One way to generate chords is to add the signals together. Note that different notes that rings together would require a cut on their amplitude, so that when added together it'll still have the same maximum amplitude; this will not affect the pitch, because pitch is determined by frequency:


a_chromatic = mk_tet(440, 12)
a_chromatic_lower = mk_tet(220, 12)
a_chromatic_lower2 = mk_tet(110, 12)
a_chromatic_higher = mk_tet(880, 12)
a_chromatic_higher2 = mk_tet(880*2, 12)

a_chromatic_sine = [sine(i, 0.1, 0) for i in (
    a_chromatic_lower2 +
    a_chromatic_lower +
    a_chromatic +
    a_chromatic_higher +
    a_chromatic_higher2
)]

def mk_chord(f_list):
    l = len(f_list)
    def res(t_s: float):
        return sum([i(t_s)/l for i in f_list])
    return res

# Bmin7-E7-AM7-DM7
# speed: quarter note = 90
sample_list = [
    sample(
        # Bmin7(no5): B D (F#) A
        mk_chord([
            a_chromatic_sine[0*12+2],  # B(lower)
            a_chromatic_sine[1*12+2],  # B
            a_chromatic_sine[1*12+5],  # D
            a_chromatic_sine[1*12+12], # A
        ]),
        44100,
        60/90 * 2,
    ),
    sample(
        # E7(no5): E G# (B) D
        mk_chord([
            a_chromatic_sine[0*12+7],  # E(lower)
            a_chromatic_sine[1*12+7],  # E
            a_chromatic_sine[1*12+5],  # D
            a_chromatic_sine[1*12+11], # G#
        ]),
        44100,
        60/90 * 2,
    ),
    sample(
        # AM7(no5): A C# (E) G#
        mk_chord([
            a_chromatic_sine[0*12+0],  # A(lower)
            a_chromatic_sine[1*12+0],  # A
            a_chromatic_sine[1*12+4],  # C#
            a_chromatic_sine[1*12+11], # G#
        ]),
        44100,
        60/90 * 2,
    ),
    sample(
        # DM7(no5): D F# (A) C#
        mk_chord([ 
            a_chromatic_sine[0*12+5],  # D(lower)
            a_chromatic_sine[1*12+5],  # D
            a_chromatic_sine[1*12+4],  # C#
            a_chromatic_sine[1*12+9],  # F#
        ]),
        44100,
        60/90 * 2,
    ),
]

output_file = wave.open('test.wav', 'wb')
output_file.setsampwidth(2)
output_file.setnchannels(1)
output_file.setframerate(44100)
for s in sample_list:
    output_file.writeframes(s)
output_file.close()

Refactoring

Then again, the code above is not a good way to model signals & sampling & stuff.
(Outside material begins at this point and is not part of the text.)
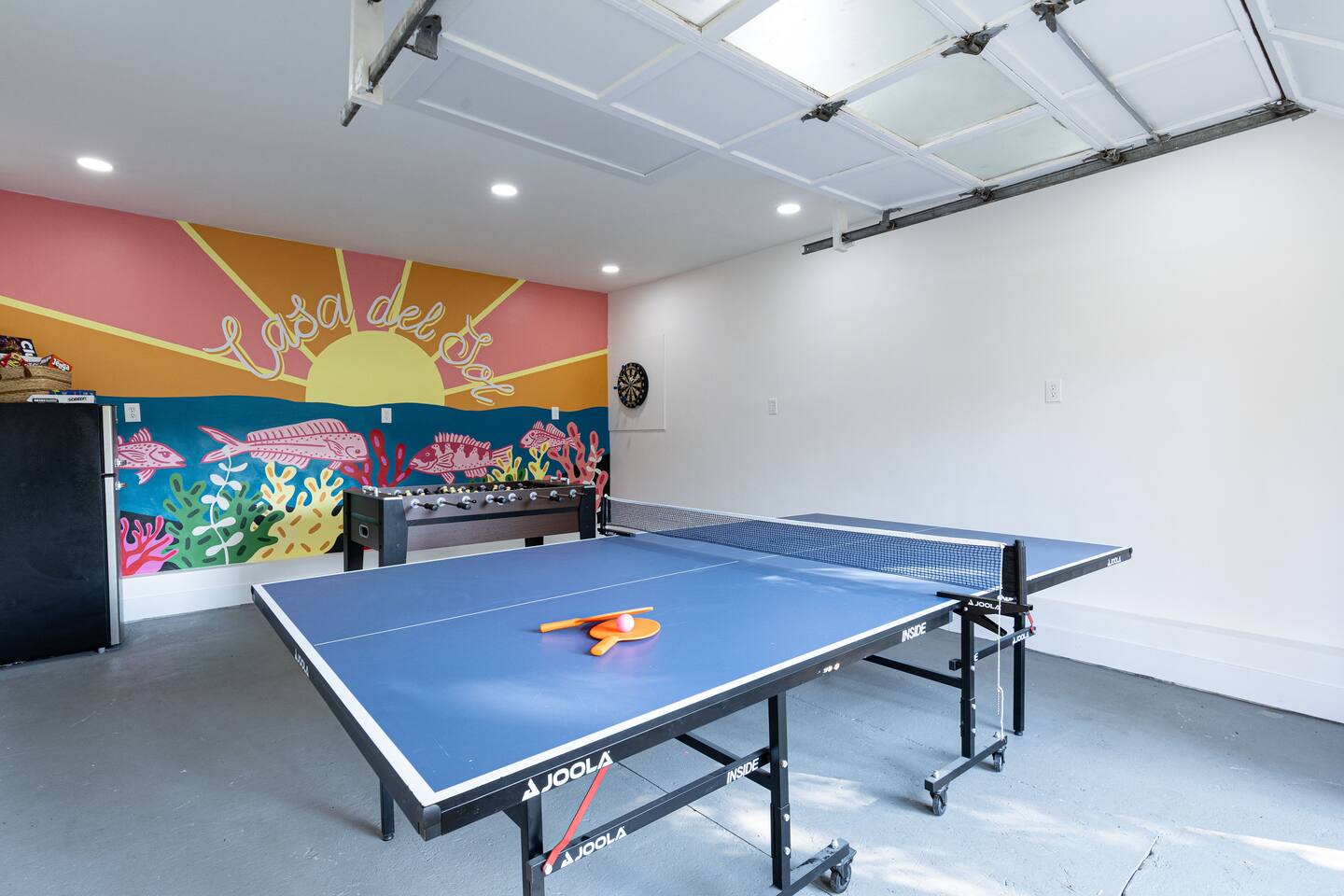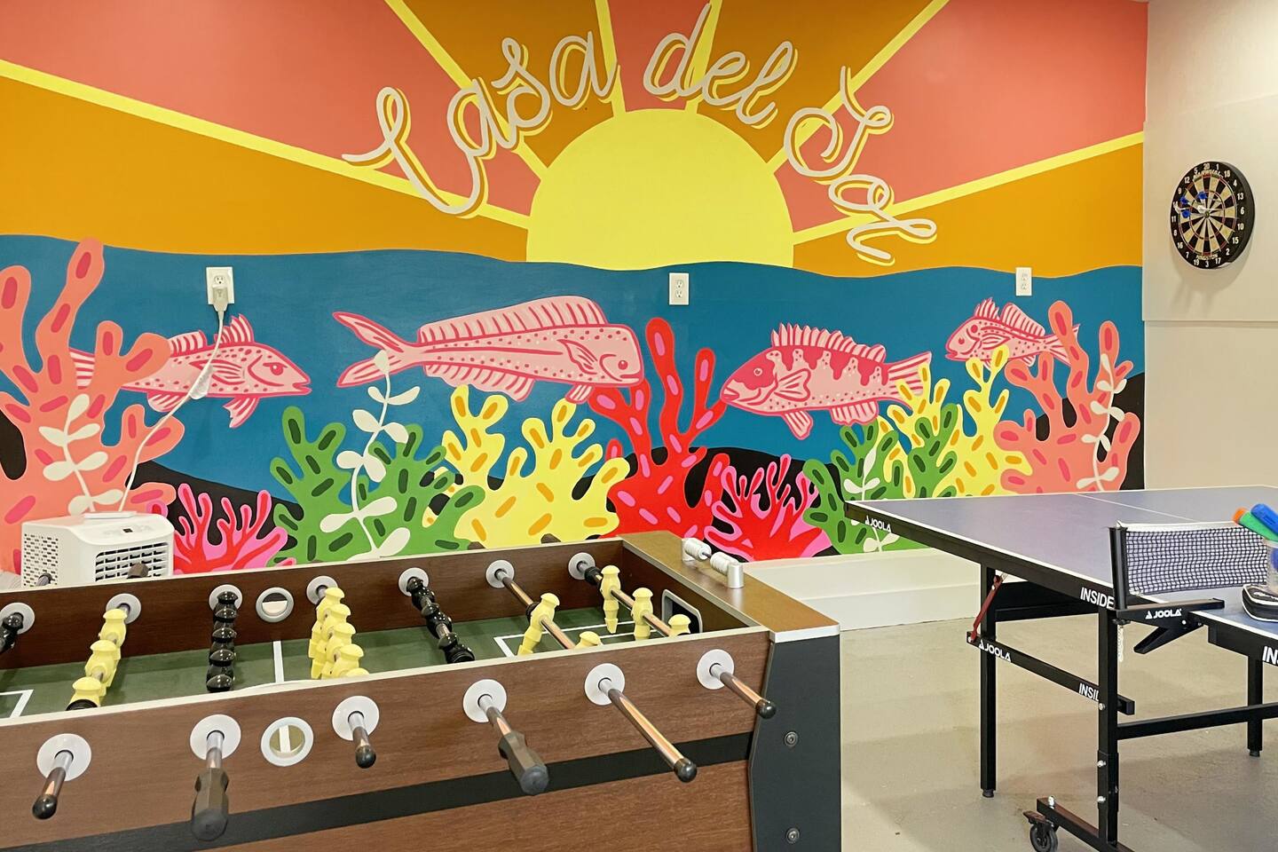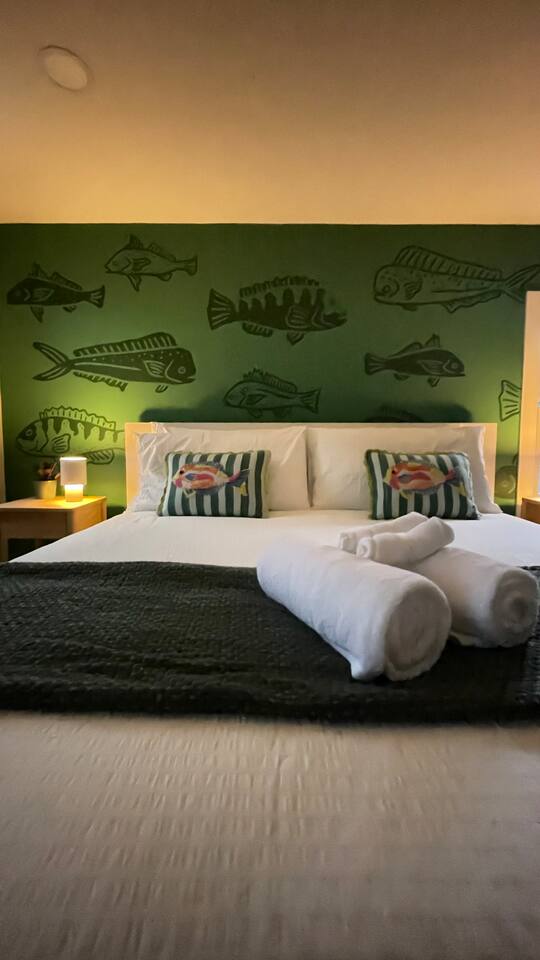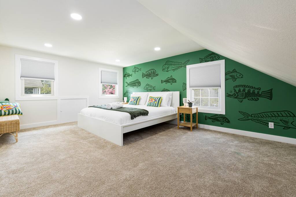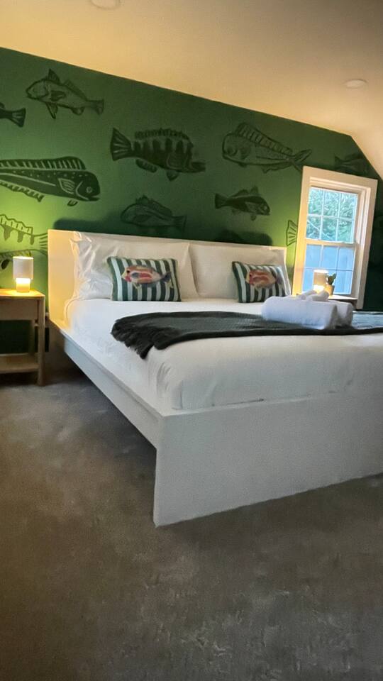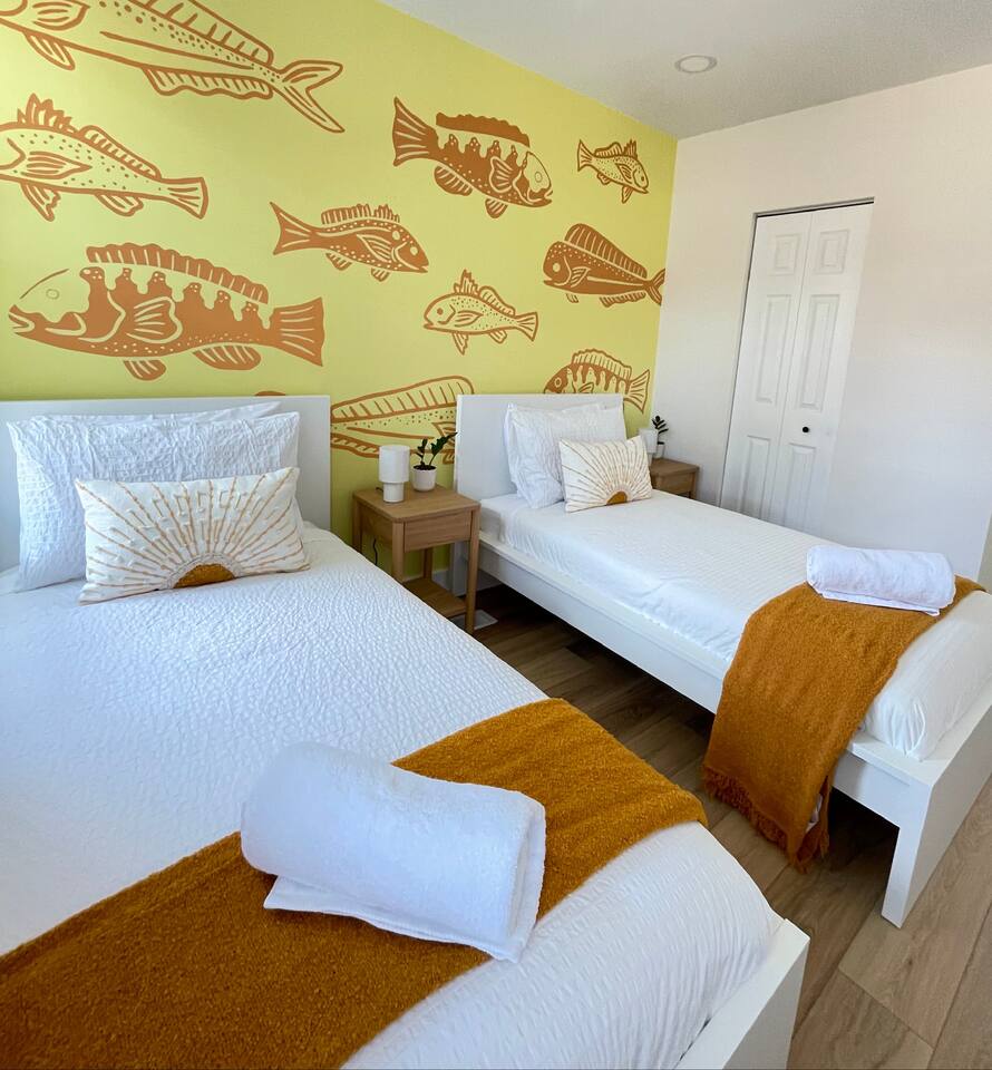 Recent renovations (Q1 2025): everything is new! Enjoy the spectacular murals with sea themes painted by local artists in the bedrooms and playroom Living Room - Large L-shaped couch - TV for entertainment - Board games - Open floor plan connecting to the dining area and kitchen - Creative coastal theme throughout Kitchen - Fully equipped with everything you need - Modern appliances - Spacious and functional - Plenty of storage space Interior Dining Area - Seating for eight Bedrooms Bedrooms feature unique murals painted by local artists. - 1st bedroom equipped with a comfortable queen-size bed - 2nd Bedroom equipped with 2 single-size beds - 3rd Bedroom (master bedroom) - Equipped with a King-size bed and a desktop. - inviting bedding for a restful night’s sleep - The Sofa Bed in the TV room can also be used, comfortable for 2 people. Bathroom - 2 Full bathrooms, one in the first floor and the master bathroom in the second floor Outdoor Area - BBQ grill for outdoor cooking - Fire pit - Corn hole game Playing room - Ping pong table - Refrigerator - Foosball table - Dart boards - TV TV room Other Areas - laundry room with washer/dryer combo - Guests are free to use all the space of the property!

There's a few reasons to this. I was trying to implement ADSR envelope while writing this blog post, and I've met quite a few problems. An ADSR envelope is defined by the following parameters:

Attack: the time it takes for the volume to get to the maximum after the key is pressed.
Delay: the time it takes for the volume to drop to the sustain level after hitting the maximum.
Sustain: the level the volume need to stay at when the key is still hold
Release: the time the volume went from sustain level to 0 after the key is released

There are other parameters as well in some synthesizers and digital audio workstations, but these are the most basic; notice the pressed and the released, that means instead of being a parameter for the function sample, time_s is controlled by something else. You might say this is controlled by note value, we can model it using a sequence of notes, something like this:

@dataclass
class Note:
    name: str
    freq: float
    value: float  # 1/2 for half note, 1/4 for quarter note, etc.

# ...

def sample(f, note_list: list[Note]):
    # ...
    some_adsr = ADSR(**some_adsr_params)
    for note in note_list:
        f(some_adsr, note)

But no, that's not a good idea, because:

Rather than a single sequence, music can be a lot of sequences; a lot of stuff can happen at the same time in a piece of music, and that has been the norm for a very very long time.
Notes in a music does not always line up perfectly. Western classical music often uses a technique called a "suspension", which means some notes are arranged (by the composer) to be kept on for a longer period than its peers. Gospel organ^[3] often uses this technique to connect one big^[4] chord to the next big chord.
Note themselves does not always fit perfectly into the idea of "note values". Human playings are not always perfect as if they're fully quantized to a fixed grid, sometimes they do it because they're not good enough players, sometimes they do it because it's a part of the style, etc.... that's why MIDI-to-sheet-music conversion will almost always be flawed.
In MIDI, a note is defined not by a pitch and a note value, but rather than a pitch, a "press" (called "note on") event and a "release" (called "note off") event.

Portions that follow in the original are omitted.